Bild nicht mehr verfügbar.

Foto: ZDF/Schmitz

Charlotte Roche als Müllfrau.

Foto: dpa

Wien - Über Analfissuren gleich ein ganzes Buch zu schreiben bereitet Charlotte Roche kein Problem. Am Totenbett eines Verstorbenen wankt die Schriftstellerin, die mit "Feuchtgebiete" einen saftigen Bestseller landete, aber plötzlich. "Ich bin ganz zittrig", sagt sie leise und lacht dem Bestatter verlegen ins Gesicht. Der tröstet nur ein bisschen: "So geht es jedem beim ersten Mal."

Das erste Mal erlebt Roche ab Mittwoch auf 3sat um 23.15 Uhr wieder und wieder. In fünf Folgen entführt sie ihr Publikum in ihr fremde Lebenswelten. Unter Bestattern, Altenpflegern, Jägern, Truckern oder bei der Müllabfuhr vertreibt sich die Autorin die Zeit.

So viel von den Berufen dürfen die Ständevertreter aber nicht preisgeben. Roche drückt jedem State- ment ihren individuellen Stempel auf. Der Truck-Fahrer gesteht auf der Fahrt Gewichtsprobleme, dass er Süßigkeiten nicht widerstehen kann, Roche fordert zwischendurch "Pipipause" ein. Vor dem aufgebahrten Toten beim Bestatter verliert sie kurz die Fassung: "Ja, ich verstehe, dass es nicht anormal ist, aber wenn man das noch nie gesehen hat, dann kann man sich ja noch so oft sagen, dass es normal ist." "Ich freu mich immer total, wenn die Müllmänner kommen", schwärmt sie. Ihrem Lehrherrn ist so viel Euphorie schon fast peinlich.
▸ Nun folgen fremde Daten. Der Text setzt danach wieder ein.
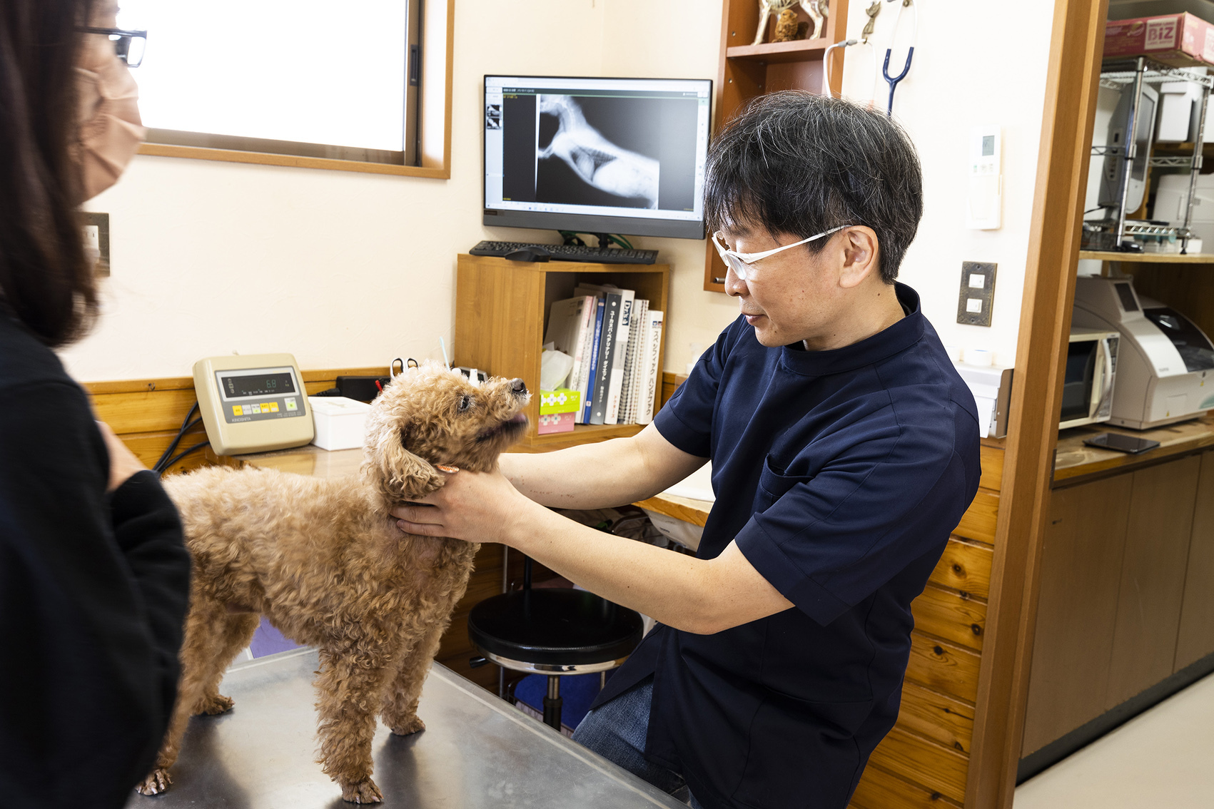 病気の動物を診察するにあたり、まず飼い主さんの話を聞くことから始まります。飼い主さんが自分のペットに対してどのようなことを心配しているのか、動物はどんな症状を起こしているのかについてお話を聞きます。動物は話ができませんから、飼い主さんのお話は、獣医師にとって病気の原因を探る重要な情報源となります。いろいろお話を聞くのは病気の原因を探るためですので、ご協力をお願いします。

Auf die Kunst der Improvisation kam es dem Kultursender 3sat an, als der Sender gemeinsam mit der Dreißigjährigen die Dokusoap "Charlotte Roche unter ..." entwickelte. Lehrling Roche wusste vor Drehbeginn keine Namen, nur den Beruf, in den sie einen Tag eingeschleust wurde. Fazit: Man muss die Protagonistin kennen und sehr mögen, um das spannend zu finden. (Doris Priesching/DER STANDARD; Printausgabe, 1.10.2008)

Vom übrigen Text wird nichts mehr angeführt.